**WHAT THE TASK ASKS:** Pictures aside, return every line below exactly as written.

**RECORDED DATA:**
....

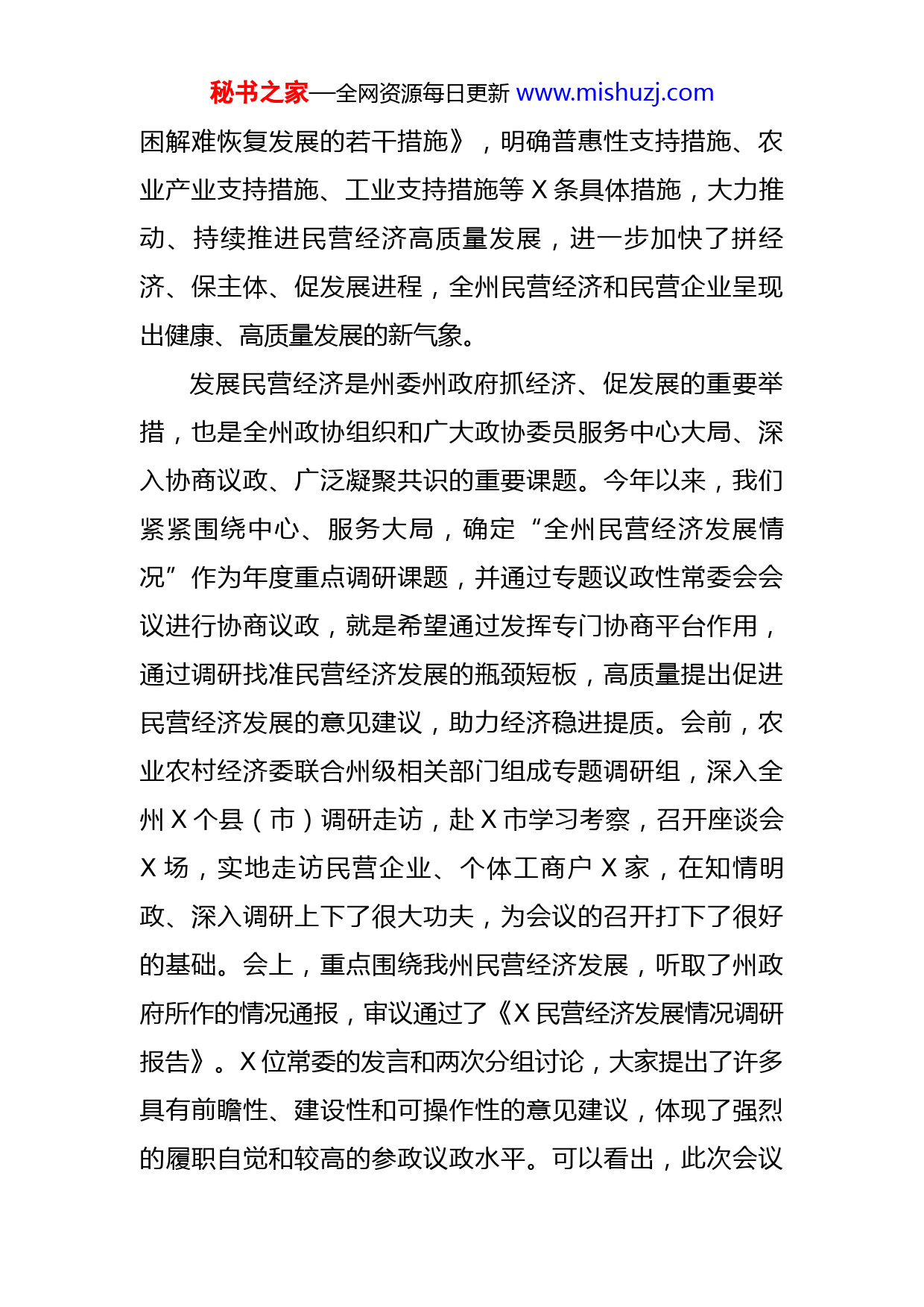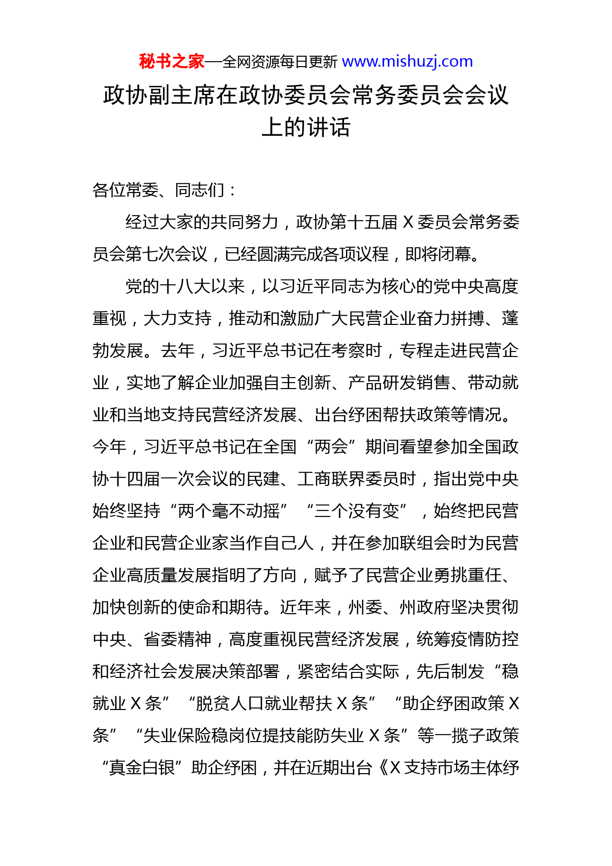 秘书之家—全网资源每日更新www.mishuzj.com政协副主席在政协委员会常务委员会会议上的讲话各位常委、同志们:经过大家的共同努力,政协第十五届X委员会常务委员会第七次会议,已经圆满完成各项议程,即将闭幕。党的十八大以来,以习近平同志为核心的党中央高度重视,大力支持,推动和激励广大民营企业奋力拼搏、蓬勃发展。去年,习近平总书记在考察时,专程走进民营企业,实地了解企业加强自主创新、产品研发销售、带动就业和当地支持民营经济发展、出台纾困帮扶政策等情况。今年,习近平总书记在全国“两会”期间看望参加全国政协十四届一次会议的民建、工商联界委员时,指出党中央始终坚持“两个毫不动摇”“三个没有变”,始终把民营企业和民营企业家当作自己人,并在参加联组会时为民营企业高质量发展指明了方向,赋予了民营企业勇挑重任、加快创新的使命和期待。近年来,州委、州政府坚决贯彻中央、省委精神,高度重视民营经济发展,统筹疫情防控和经济社会发展决策部署,紧密结合实际,先后制发“稳就业X条”“脱贫人口就业帮扶X条”“助企纾困政策X条”“失业保险稳岗位提技能防失业X条”等一揽子政策“真金白银”助企纾困,并在近期出台《X支持市场主体纾秘书之家—全网资源每日更新www.mishuzj.com困解难恢复发展的若干措施》,明确普惠性支持措施、农业产业支持措施、工业支持措施等X条具体措施,大力推动、持续推进民营经济高质量发展,进一步加快了拼经济、保主体、促发展进程,全州民营经济和民营企业呈现出健康、高质量发展的新气象。发展民营经济是州委州政府抓经济、促发展的重要举措,也是全州政协组织和广大政协委员服务中心大局、深入协商议政、广泛凝聚共识的重要课题。今年以来,我们紧紧围绕中心、服务大局,确定“全州民营经济发展情况”作为年度重点调研课题,并通过专题议政性常委会会议进行协商议政,就是希望通过发挥专门协商平台作用,通过调研找准民营经济发展的瓶颈短板,高质量提出促进民营经济发展的意见建议,助力经济稳进提质。会前,农业农村经济委联合州级相关部门组成专题调研组,深入全州X个县(市)调研走访,赴X市学习考察,召开座谈会X场,实地走访民营企业、个体工商户X家,在知情明政、深入调研上下了很大功夫,为会议的召开打下了很好的基础。会上,重点围绕我州民营经济发展,听取了州政府所作的情况通报,审议通过了《X民营经济发展情况调研报告》。X位常委的发言和两次分组讨论,大家提出了许多具有前瞻性、建设性和可操作性的意见建议,体现了强烈的履职自觉和较高的参政议政水平。可以看出,此次会议秘书之家—全网资源每日更新www.mishuzj.com外调内研充分深入,意见建议言之有物,双向发力贯穿始终,会议内容、形式、成果都非常丰富,取得了积极成效。会后,农业农村经济委要充分吸收大家的意见建议,进一步修改完善后,形成高质量的协商成果报送州委州政府。本次会议,我们还听取了州纪委监委关于党风廉政建设工作情况的通报,大家一致认为,过去一年,在州委坚强领导下,全州纪检监察机关扎实履行监督首责,政治监督更加精准、保障中心更加有效、监督网络更加严密,正风肃纪反腐高压态势持续保持,为我州高质量发展提供了坚强的政治保证和纪律保障。会议还审议通过了州政协副秘书长、专委会主任、副主任任免和十五届州政协常委、委员调整事宜,希望任命到新岗位履职的X位同志在各自岗位上学在前、干在前、当标兵、作表率,不断提高履职尽责的能力和水平,充分展示自身的良好素质;也希望其他因专委会更名重新任命的同志,立足新的起点,着力改进工作理念、优化工作模式、提升工作效能,以推动工作的新担当新作为新成绩,检验和彰显专委会设置调整的成效。各位常委、同志们:今年是喜迎建州X周年、加快建设“一州两区三家园”的关键之年,我们要坚定以习近平新时代中国特色社会主义思想为指导,全面贯彻党的二十秘书之家—全网资源每日更新www.mishuzj.com大精神,认真落实全国“两会”、省委州委十二届二次全会确定的目标任务,以党的政治建设为统领,以服务全州发展大局为主线,以加强专门协商机构建设为支撑,积极践行全过程人民民主,高标准履职、高效率作为,为奋力写好中国式现代化X新篇章贡献政协智慧和力量。受X主席委托,下面,我就当前州、县(市)政协需要着力抓好的一些重点工作,再讲几点意见。一、强化理论武装,在“三个全面”上下功夫抓好理论学习是加强党的政治建设、坚定政治信仰的重要手段。我们要把学习贯彻党的二十大、全国“两会”精神作为当前和今后一个时期的重要政治任务,始终用党的创新理论统一思想、统一意志、统一行动。一是全面学习贯彻习近平新时代中国特色社会主义思想。中央部署从X月开始,在全党自上而下分两批开展学习贯彻习近平新时代中国特色社会主义思想主题教育。这是党中央为全面贯彻党的二十大精神、动员全党为完成党的中心任务而团结奋斗所作的重大部署,是深入推进新时代党的建设新的伟大工程的重大部署。其目的就是要用习近平新时代中国特色社会主义思想凝心铸魂,推动全党更加自觉深刻领悟“两个确立”的决定性意义,增强“四个意识”、坚定“四个自信”、
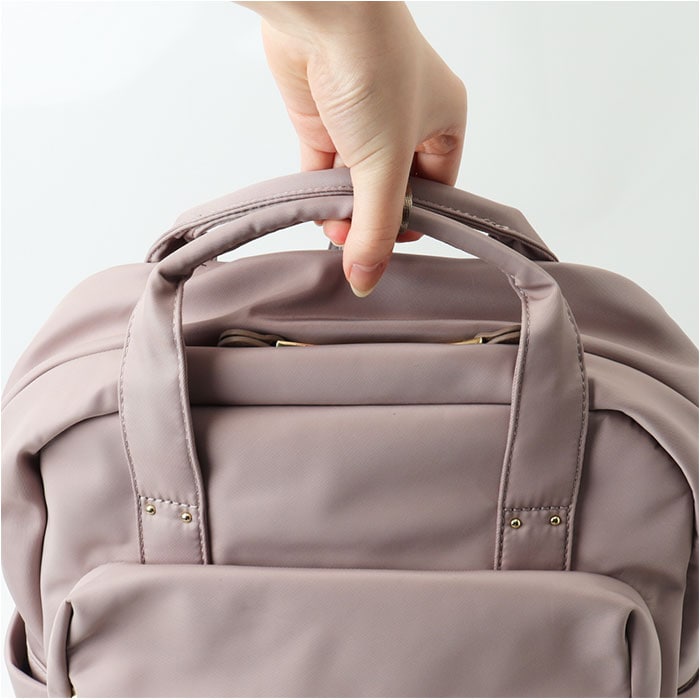 | 商品説明 | 【色んなシーンで頼れるアイテム】お出かけや旅行、出張にも!「Legato Largo フラッフィー リュック」。【フェミニンな印象のフラッフィー】ふっくらフォルムで、ステッチを極力見せないつくり。洗練された風合いのシリーズ♪【ガバっと開くダブルファスナー】左右どちらからもオープン。中身を確認しやすく、出し入れスムーズ。【A4もノートPCも楽々持ち運び】A4対応、13インチまでのPC対応クッションポケット付き。通勤・通学にもおすすめ。(※1)対応PCサイズは目安です。【豊富なポケットで迷子知らず】クッションポケットの他にも、複数のポケットを装備。バッグの中で小物を探す手間が不要!【軽やかな背負い心地でノンストレス】軽量&背面とショルダーはソフトな質感で、体に負担がかかりにくい◎長時間の移動も安心。【リュックを掛けたり便利な持ち手】持ち手を使って、フックなどに掛けておける!リュックを下ろすシーンでも便利。(※2)持ち手はスナップボタンでまとめることが可能です。【キャリーオンできて移動もラクラク】背面の面ファスナー式テープベルトを、キャリーのハンドルに差し込めるキャリーオンタイプ。【ちょっとの雨なら大丈夫】汚れや水滴を弾きやすい、両面はっ水加工済み。お手入れも拭き取るだけ。(※3)完全防水ではありません。【ディテールにもこだわりをプラス】合皮の引手パーツや同色系で揃えたラバープリント。落ち着きがあり、どんなコーデにもマッチ!【お気に入りを選べるカラー】ベーシックや、程よい差し色になるカラーをラインナップ。飽きが来ず長く愛用できるデザイン。【ポケット仕様】内側:クッションポケット×1、ファスナーポケット×1、オープンポケット×2、サイドポケット×2前面:ファスナーポケット×1(内側にオープンポケット×1)サイド:オープンポケット×2背面:シークレットポケット×1 |
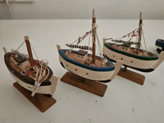 Conjunto de ocho barcos en miniatura. - Diseños variados. - Ideal para coleccionistas o decoración.

....

**SOLUTION TO THIS PROBLEM:**
 秘书之家—全网资源每日更新www.mishuzj.com政协副主席在政协委员会常务委员会会议上的讲话各位常委、同志们:经过大家的共同努力,政协第十五届X委员会常务委员会第七次会议,已经圆满完成各项议程,即将闭幕。党的十八大以来,以习近平同志为核心的党中央高度重视,大力支持,推动和激励广大民营企业奋力拼搏、蓬勃发展。去年,习近平总书记在考察时,专程走进民营企业,实地了解企业加强自主创新、产品研发销售、带动就业和当地支持民营经济发展、出台纾困帮扶政策等情况。今年,习近平总书记在全国“两会”期间看望参加全国政协十四届一次会议的民建、工商联界委员时,指出党中央始终坚持“两个毫不动摇”“三个没有变”,始终把民营企业和民营企业家当作自己人,并在参加联组会时为民营企业高质量发展指明了方向,赋予了民营企业勇挑重任、加快创新的使命和期待。近年来,州委、州政府坚决贯彻中央、省委精神,高度重视民营经济发展,统筹疫情防控和经济社会发展决策部署,紧密结合实际,先后制发“稳就业X条”“脱贫人口就业帮扶X条”“助企纾困政策X条”“失业保险稳岗位提技能防失业X条”等一揽子政策“真金白银”助企纾困,并在近期出台《X支持市场主体纾秘书之家—全网资源每日更新www.mishuzj.com困解难恢复发展的若干措施》,明确普惠性支持措施、农业产业支持措施、工业支持措施等X条具体措施,大力推动、持续推进民营经济高质量发展,进一步加快了拼经济、保主体、促发展进程,全州民营经济和民营企业呈现出健康、高质量发展的新气象。发展民营经济是州委州政府抓经济、促发展的重要举措,也是全州政协组织和广大政协委员服务中心大局、深入协商议政、广泛凝聚共识的重要课题。今年以来,我们紧紧围绕中心、服务大局,确定“全州民营经济发展情况”作为年度重点调研课题,并通过专题议政性常委会会议进行协商议政,就是希望通过发挥专门协商平台作用,通过调研找准民营经济发展的瓶颈短板,高质量提出促进民营经济发展的意见建议,助力经济稳进提质。会前,农业农村经济委联合州级相关部门组成专题调研组,深入全州X个县(市)调研走访,赴X市学习考察,召开座谈会X场,实地走访民营企业、个体工商户X家,在知情明政、深入调研上下了很大功夫,为会议的召开打下了很好的基础。会上,重点围绕我州民营经济发展,听取了州政府所作的情况通报,审议通过了《X民营经济发展情况调研报告》。X位常委的发言和两次分组讨论,大家提出了许多具有前瞻性、建设性和可操作性的意见建议,体现了强烈的履职自觉和较高的参政议政水平。可以看出,此次会议秘书之家—全网资源每日更新www.mishuzj.com外调内研充分深入,意见建议言之有物,双向发力贯穿始终,会议内容、形式、成果都非常丰富,取得了积极成效。会后,农业农村经济委要充分吸收大家的意见建议,进一步修改完善后,形成高质量的协商成果报送州委州政府。本次会议,我们还听取了州纪委监委关于党风廉政建设工作情况的通报,大家一致认为,过去一年,在州委坚强领导下,全州纪检监察机关扎实履行监督首责,政治监督更加精准、保障中心更加有效、监督网络更加严密,正风肃纪反腐高压态势持续保持,为我州高质量发展提供了坚强的政治保证和纪律保障。会议还审议通过了州政协副秘书长、专委会主任、副主任任免和十五届州政协常委、委员调整事宜,希望任命到新岗位履职的X位同志在各自岗位上学在前、干在前、当标兵、作表率,不断提高履职尽责的能力和水平,充分展示自身的良好素质;也希望其他因专委会更名重新任命的同志,立足新的起点,着力改进工作理念、优化工作模式、提升工作效能,以推动工作的新担当新作为新成绩,检验和彰显专委会设置调整的成效。各位常委、同志们:今年是喜迎建州X周年、加快建设“一州两区三家园”的关键之年,我们要坚定以习近平新时代中国特色社会主义思想为指导,全面贯彻党的二十秘书之家—全网资源每日更新www.mishuzj.com大精神,认真落实全国“两会”、省委州委十二届二次全会确定的目标任务,以党的政治建设为统领,以服务全州发展大局为主线,以加强专门协商机构建设为支撑,积极践行全过程人民民主,高标准履职、高效率作为,为奋力写好中国式现代化X新篇章贡献政协智慧和力量。受X主席委托,下面,我就当前州、县(市)政协需要着力抓好的一些重点工作,再讲几点意见。一、强化理论武装,在“三个全面”上下功夫抓好理论学习是加强党的政治建设、坚定政治信仰的重要手段。我们要把学习贯彻党的二十大、全国“两会”精神作为当前和今后一个时期的重要政治任务,始终用党的创新理论统一思想、统一意志、统一行动。一是全面学习贯彻习近平新时代中国特色社会主义思想。中央部署从X月开始,在全党自上而下分两批开展学习贯彻习近平新时代中国特色社会主义思想主题教育。这是党中央为全面贯彻党的二十大精神、动员全党为完成党的中心任务而团结奋斗所作的重大部署,是深入推进新时代党的建设新的伟大工程的重大部署。其目的就是要用习近平新时代中国特色社会主义思想凝心铸魂,推动全党更加自觉深刻领悟“两个确立”的决定性意义,增强“四个意识”、坚定“四个自信”、
 | 商品説明 | 【色んなシーンで頼れるアイテム】お出かけや旅行、出張にも!「Legato Largo フラッフィー リュック」。【フェミニンな印象のフラッフィー】ふっくらフォルムで、ステッチを極力見せないつくり。洗練された風合いのシリーズ♪【ガバっと開くダブルファスナー】左右どちらからもオープン。中身を確認しやすく、出し入れスムーズ。【A4もノートPCも楽々持ち運び】A4対応、13インチまでのPC対応クッションポケット付き。通勤・通学にもおすすめ。(※1)対応PCサイズは目安です。【豊富なポケットで迷子知らず】クッションポケットの他にも、複数のポケットを装備。バッグの中で小物を探す手間が不要!【軽やかな背負い心地でノンストレス】軽量&背面とショルダーはソフトな質感で、体に負担がかかりにくい◎長時間の移動も安心。【リュックを掛けたり便利な持ち手】持ち手を使って、フックなどに掛けておける!リュックを下ろすシーンでも便利。(※2)持ち手はスナップボタンでまとめることが可能です。【キャリーオンできて移動もラクラク】背面の面ファスナー式テープベルトを、キャリーのハンドルに差し込めるキャリーオンタイプ。【ちょっとの雨なら大丈夫】汚れや水滴を弾きやすい、両面はっ水加工済み。お手入れも拭き取るだけ。(※3)完全防水ではありません。【ディテールにもこだわりをプラス】合皮の引手パーツや同色系で揃えたラバープリント。落ち着きがあり、どんなコーデにもマッチ!【お気に入りを選べるカラー】ベーシックや、程よい差し色になるカラーをラインナップ。飽きが来ず長く愛用できるデザイン。【ポケット仕様】内側:クッションポケット×1、ファスナーポケット×1、オープンポケット×2、サイドポケット×2前面:ファスナーポケット×1(内側にオープンポケット×1)サイド:オープンポケット×2背面:シークレットポケット×1 |
 Conjunto de ocho barcos en miniatura. - Diseños variados. - Ideal para coleccionistas o decoración.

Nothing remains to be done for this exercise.